Some things that I have not done:

  • I have not checked that this blog post has good spelling and grammar.
  • Before going to sleep, I watch a TV show or read books on my iPad. These days, I am watching Once upon a time. However, I do not watch broadcast TV.
  • I owe a couple M.Sc. students a meeting. I promised to email them last week, but I have not yet done so.
  • I have delayed a few meetings that were supposed to happen this week.
  • I was planning to do some follow-up work this week on a couple of research projects, but it looks doubtful that I will have any time at all. I constantly worry that I am just keeping busy instead of doing the important work.
  • I am trying to read The Art of Procrastination: A Guide to Effective Dawdling, Lollygagging and Postponing, but I am not making much progress. (This is not a joke.)

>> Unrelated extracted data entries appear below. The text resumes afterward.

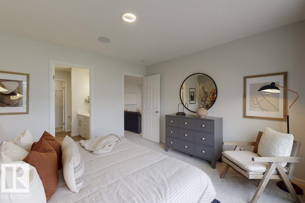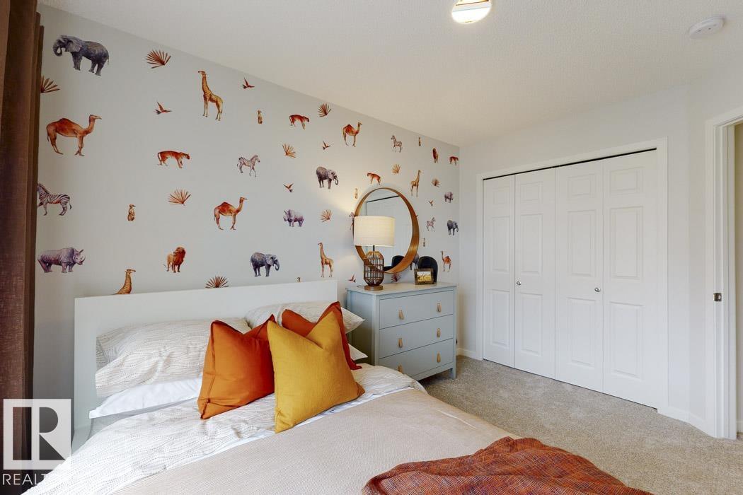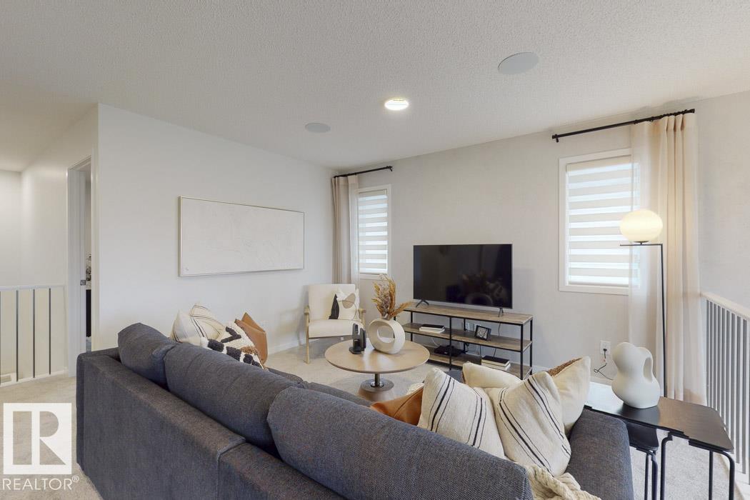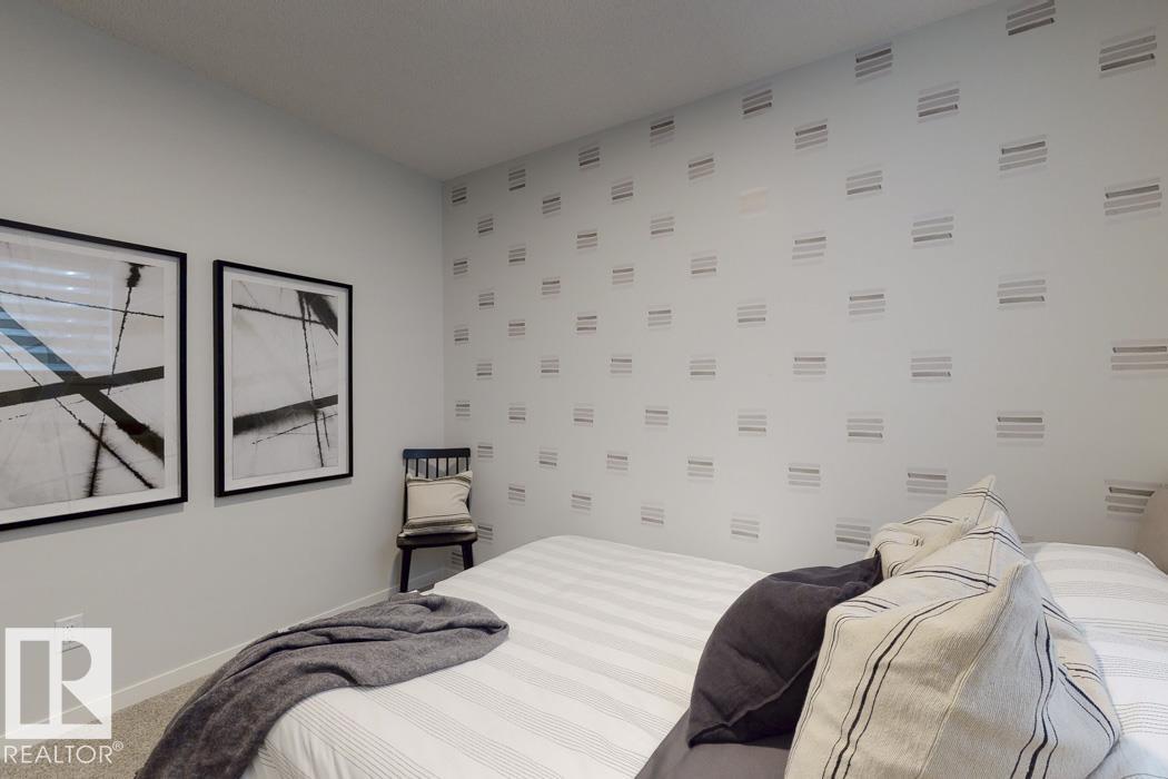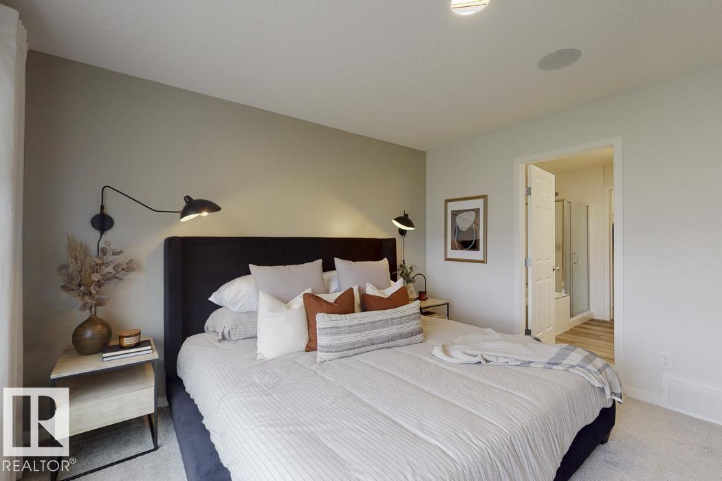 Built by Sterling Homes, this front-attached home in McConachie offers bright, modern living in a family-friendly community. Triple pane windows and 9' ceilings create an open feel on the main floor, where a welcoming foyer leads to a stylish kitchen with quartz counters, large island, ceiling-height cabinetry, chimney hood fan, built-in microwave, and walk-through pantry connected to the mudroom. The great room features an electric fireplace and large windows, with patio doors off the dining nook opening to the backyard. A half bath completes the main floor. Upstairs offers a primary suite with walk-in closet and 5-piece ensuite, a central bonus room, upper-floor laundry, full bath, and two additional bedrooms. Luxury vinyl plank flooring, upgraded railings, side entrance, double garage with floor drain, and basement rough-ins add comfort and convenience.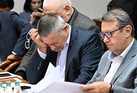 Заседание комитета Государственной думы (ГД) по бюджету и налогам в здании ГД России. Первый заместитель председателя комитета ГД России по бюджету и налогам Глеб Хор (в центре) и член комитета ГД России по бюджету и налогам Валерий Скруг (справа) во время заседания.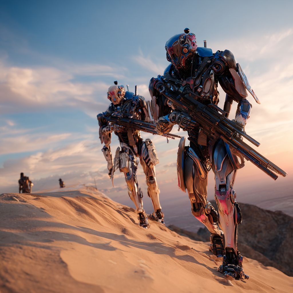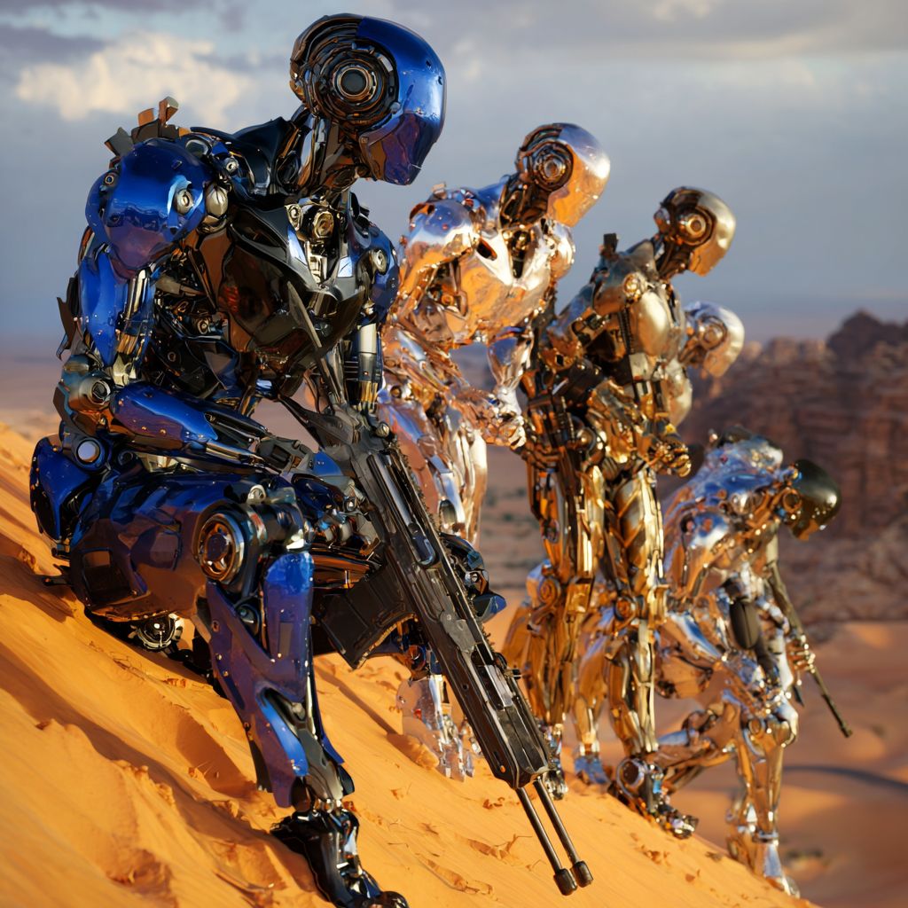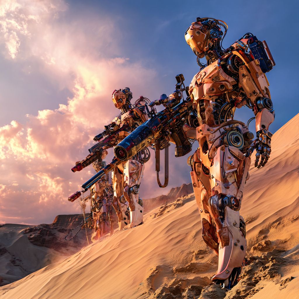 Des robots humanoïdes sont sortis au sommet d'une colline de sable, armés, regardant menaçamment vers le désert, rappelant une scène d'un film d'action.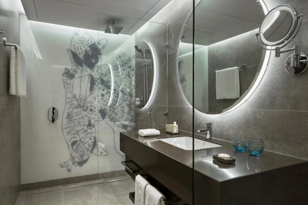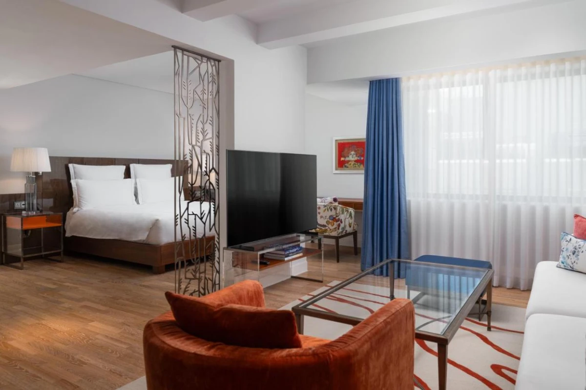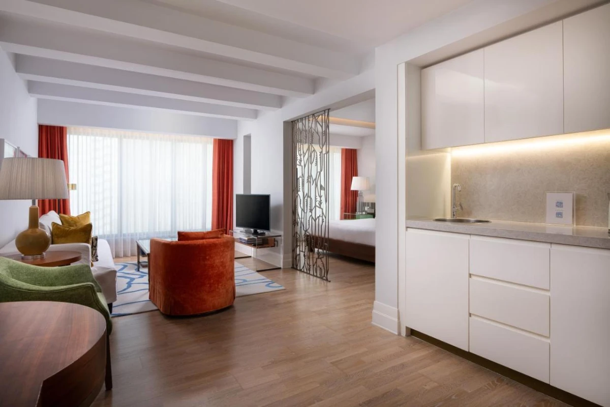 The 46 suites, spread across a 10-storey building, exude modern elegance with air-conditioned spaces, flat-screen TVs, coffee machines, microwaves, refrigerators, minibars, and private bathrooms with showers and premium toiletries. Each features a kitchenette, dining area, and open-plan living room, with many opening to city views, crafting an intimate haven for couples or professionals. An emerald green chlorine-free rooftop pool adds a serene touch.

  • I used to spent a lot of time following blogs. I do not have much time for this anymore.
  • I am also not attending strip clubs or doing threesomes. I do not have a mistress.
  • Unlike one of my friends, I do not run a farm.
  • I do not travel.
  • I am not active in politics.
  • Other than swearing, I have no religious activity.
  • I do not have a side business. I do not consult.
  • I do not workout. (I compensate by drinking coffee.)
  • I do not clean up my office.
  • I do not shop for clothes.
  • Though I shower every day, I do not spend any time at all trying to look nice. I pick my clothes randomly in the morning. I am sometimes astonished how business-like some of my colleagues look.

Conclusion: I do not know what to conclude, but I am interested in how what I do differs from what other people do.